La giovane e brillante Molly (Tessa Thompson) dopo averli visti per caso in azione da bambina, ha dedicato la vita a cercare di entrare nella segretissima organizzazione dei Men in black. Riuscita a farsi accettare da capo del gruppo, l’agente O (Emma Thompson), la giovane collaborerà con l’esperto agente T (Liam Neeson) e lo spericolato agente H (Chris Hemsworth), per sventare una micidiale minaccia aliena.

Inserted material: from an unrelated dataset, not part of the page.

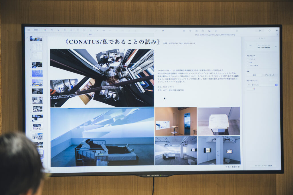 伊藤さんはこれらのアドバイスを受け止めながら「テクノロジーをつくり出すときに生まれる、『夢』がなくなっていく状況を切実にに表現したい」と制作のモチベーションを改めて述べ、初回面談は終了しました。

Gray parte sparando una sequela di antefatti apparentemente non collegati tra loro che dovrebbero creare curiosità nel pubblico, ma che in realtà fanno solo capire che H è destinato a farsi male da solo per tutta la pellicola, peggio di Ash Williams de La casa e che Molly probabilmente è stata adottata, visto quanto babbei sono i suoi genitori. Esaurito questo tentativo di “figaggine” registica, inizia il festival mondiale (del resto la pellicola è “international” mica a caso) dello stereotipo con la consueta improbabile coppia di agenti male assortita, coinvolta in un complotto i cui gli scopi e retroscena diventano chiari già a metà del film e che si salvano dalle situazioni più disperate in maniera talmente inverosimile e grottesca che al confronto la trama di un film dei Fratelli Marx sembra un testo di Alberto Angela. Se Hemsworth, dopo le buone performance comiche nella recente versione al femminile di Ghostbusters e in Avengers – Endgame, qui appare talmente privo di verve da sembrare imbalsamato, il personaggio della Thompson (Tessa), alterna momenti alla “so tutto io” dell’Hermione Granger dei primi Harry Potter, ad altri in cui ne sembra la versione infoiata vista nel disastroso Principe mezzo sangue, riuscendo a risultare, in entrambi i casi, antipatica quanto Dolores Umbridge.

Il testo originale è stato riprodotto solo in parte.